There are many reported methods of removing unwanted signals from spectroscopic data, which in themselves contain further parameters to tune. 21 This variety of pre-processing choice, and range of applications leads to a lack of consensus as to which is “best”. A robust method for choosing this method is required. Previous studies have investigated pre-processing optimisation of Raman spectra.23–25 However, due to the time-consuming nature of classical grid-search approaches, small ranges of parameters are typically chosen to reduce computational burden. High-performance computing (HPC) offers the ability to complete wide explorations of the pre-processing parameter space in relatively small time periods. A typical optimisation in this regime testing 2.4 million permutations is reduced from 800 000 h of computational time to 369 h.

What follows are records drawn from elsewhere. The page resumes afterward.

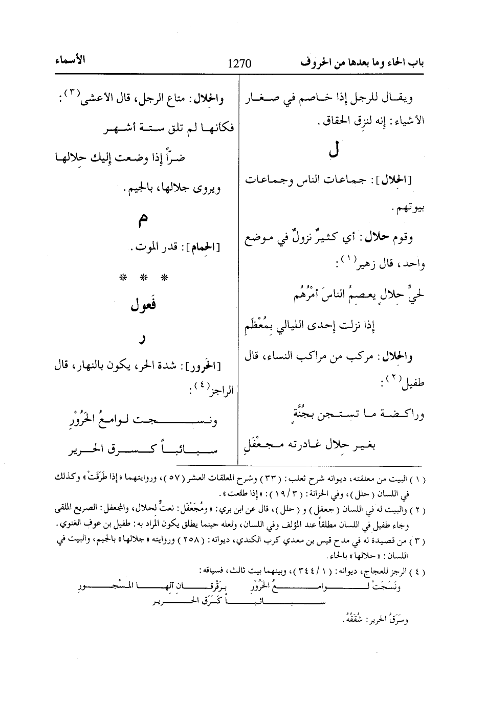 (2) والبيت له في اللسان (جعفل) و (حلل)، قال عن ابن بري: «ومُجَعْفَل: نعتٌّ لِحلال، والمجعفل: الصريع الملقى وجاء طفيل في اللسان مطلقاً عند المؤلف وفي اللسان، ولعله حينما يطلق يكون المراد به: طفيل بن عوف الغنوي.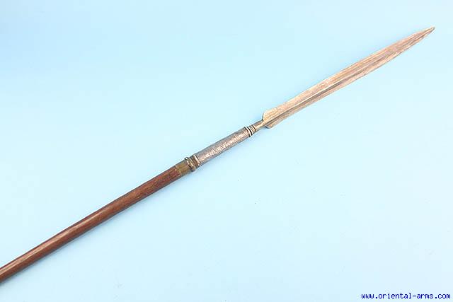 Up for sale is this very good spear, Indonesia, late 19 - early 20 C. Massive pamor blade with pronounced central rib 19 inches long. 5 inches chased silver collar. Wood haft. Total length 66 inches. Very good condition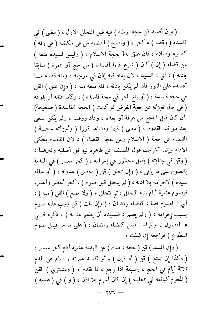 (وَإِنْ أَفْسَدَ قِنٌّ حَجَّهُ بِوَطْءٍ) فِيهِ قَبْلَ التَّحَلُّلِ الْأَوَّلِ، (مَضَى) فِي فَاسِدِهِ (وَقَضَاهُ) كَحُرٍّ، (وَيَصِحُّ) الْقَضَاءُ مِنْ قِنٍّ مُكَلَّفٍ (فِي رِقِّهِ) كَصَوْمٍ وَصَلَاةٍ، فَإِنْ عَتَقَ بَدَأَ بِحَجَّةِ الْإِسْلَامِ، (وَلَيْسَ لِسَيِّدِهِ مَنْعُهُ) مِنْ قَضَاءٍ (إنْ) كَانَ (شَرَعَ فِيمَا أَفْسَدَهُ) مِنْ حَجٍّ أَوَعُمْرَةً (سَابِقًا بِإِذْنِهِ) ، أَيْ: السَّيِّدِ، لِأَنَّ إذْنَهُ فِيهِ إذْنٌ فِي مُوجَبِهِ، وَمِنْهُ قَضَاءُ مَا أَفْسَدَهُ عَلَى الْفَوْرِ فَإِنْ لَمْ يَكُنْ بِإِذْنِهِ، فَلَهُ مَنْعُهُ مِنْهُ، (وَإِنْ عَتَقَ) الْقِنُّ فِي حَجَّةٍ فَاسِدَةٍ، (أَوْ بَلَغَ الْحُرُّ فِي حَجَّةٍ فَاسِدَةٍ) ، وَكَانَ عِتْقُهُ أَوْ بُلُوغُهُ (فِي حَالٍ تُجْزِئُهُ عَنْ حَجَّةِ الْفَرْضِ لَوْ كَانَتْ) الْحَجَّةُ الْفَاسِدَةُ (صَحِيحَةً) بِأَنْ كَانَ قَبْلَ الدَّفْعِ مِنْ عَرَفَةَ أَوْ بَعْدَهُ، وَعَادَ وَوَقَفَ، وَلَمْ يَكُنْ سَعَى بَعْدَ طَوَافِ الْقُدُومِ، (مَضَى) فِيهَا وَقَضَاهَا فَوْرًا (وَأَجْزَأَتْهُ حَجَّةُ) الْقَضَاءِ عَنْ حَجَّةِ (الْإِسْلَامِ وَعَنْ حَجَّةِ الْقَضَاءِ) ، لِأَنَّ الْقَضَاءَ يَحْكِي الْأَدَاءَ، وَإِنَّمَا أَخْرَجْتُ قَوْلَ الْمُصَنِّفِ عَنْ ظَاهِرِهِ لِيُوَافِقَ أَصْلَيْهِ وَغَيْرَهُمَا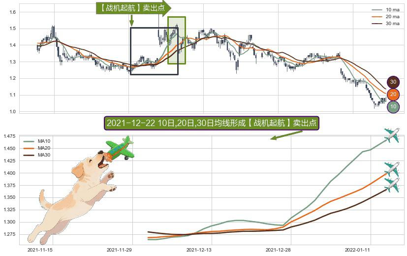 形态多维评估: ⚀ 2021-12-01日-2022-01-13日显现 10日-20日-30日均线 【战机起航】卖出点 看空信号,后市看跌,卖出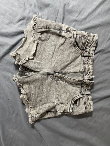 Sivi teksas šorts FB Sister – veličina S - Model: high-waist, klasičan petodžepni kroj (2 prednja + džepić za novčiće, 2 zadnja džepa) - Materijal: denim bez elastičnog dodatka (čvrst pamučni teks...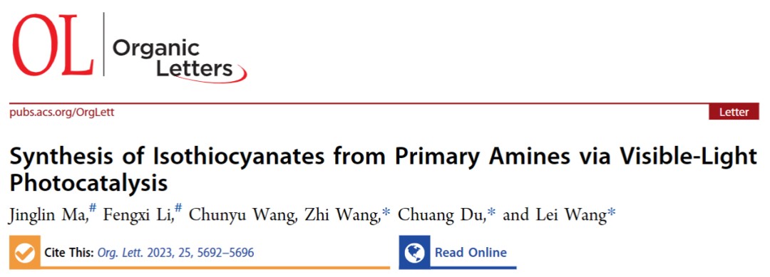 在对酶催化领域进行持续研究的同时,课题组也对光酶催化等新兴研究领域进行涉猎,通过搭建光催化实验装置和前期文献调研,对光催化合成研究有了一定的了解,以“Synthesis of Isothiocyanates from Primary Amines via Visible-Light Photocatalysis”为题,在国际权威学术期刊《Organic letters》(影响因子5.2,中科院分区一区)在线发表研究论文。论文中报道了一种以伯胺和二硫化碳为原料,光催化体系下,高效、温和地合成各种取代异硫氰酸酯的方法。该方法扩大了光催化的应用范围,并为制备脂肪族和芳香族异硫氰酸酯提供了一种新的策略,具有底物耐受范围广、对环境友好、可见光驱动的优点。论文第一完成单位为女优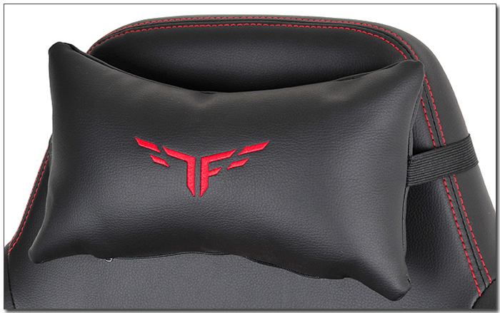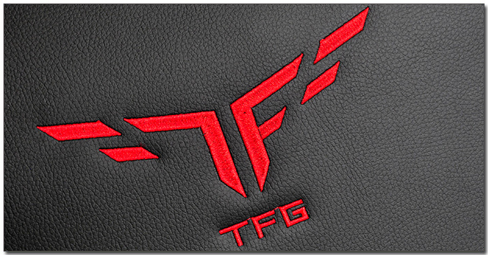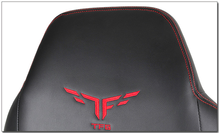 등받이 후면의 모습으로 깔끔하게 구성되어 있다. 중앙에는 한성컴퓨터의 게이밍 기어를 상징하는 TFG(TASKFORCE FOR GAMER)로고가 세겨진 것을 알 수 있다.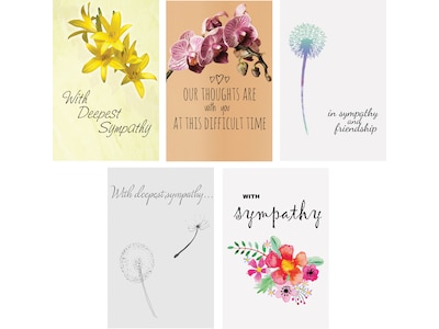 The Better Office offers 100 white envelopes and 100 bulk sympathy cards, each 20 cards feature one cover design. There are five designs to convey your heartfelt condolences, each with a unique expression for the message you wish to convey. Made of 90 lb. cover stock for a high-quality look and feel. The cards and envelopes are packed into an attractive and sturdy kraft corrugated box for protection and long-term storage.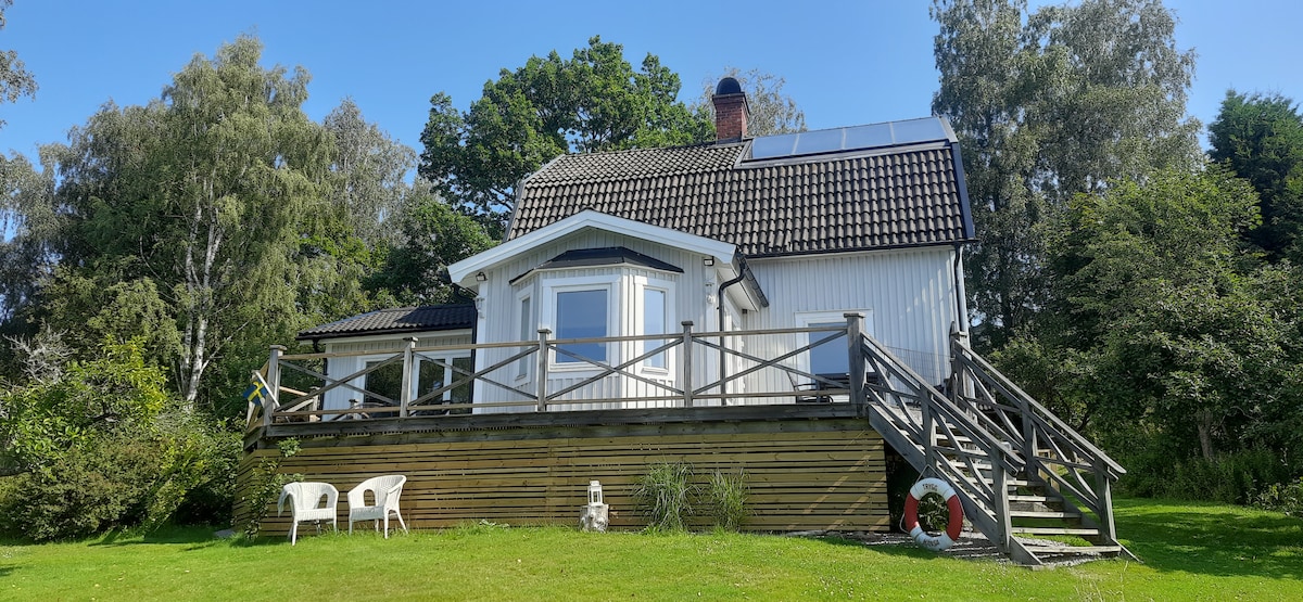 Lillstugan is located on a farm where there are cows, chickens, cats and dogs. The beds are made and there is breakfast in the fridge when you arrive. Lillstugan has 3 beds on the ground floor and 3 on the second floor. Kitchen has dishwasher, microwave, fridge/freezer, electric stove with oven and wood stove. TV room with sofa. Small patio with garden furniture and grill. Balcony with seating. There are roads and trails in the forest where you can walk or bike. It is 300 meters to a private beach with a jetty.

Here we address the plethora of possible pre-processing techniques and their parameters using HPC to optimise pre-processing routines. HPC provides a powerful tool for pre-processing optimisation, allowing vast amounts of computations evaluated on a separate machine. HPC has been utilised previously for pre-processing optimisation of attenuated total reflection Fourier transform infrared spectra. 26
The methods used in this study encompass many of the common pre-processing techniques, and aims to explore the effect of reordering the pre-processing steps, using extended multiplicative scatter correction (EMSC), wavenumber binning, smoothing and normalization on disease diagnosis using Raman spectroscopy and ML. We explore the use of EMSC in conjunction with other pre-processing methods and describe the effect on classification, and the isolated effect of pre-processing steps. A brief outline of each pre-processing is provided in the materials and methods section. While we apply these methods to Raman spectra, they are applicable to other forms of spectroscopy and have potential application beyond Raman.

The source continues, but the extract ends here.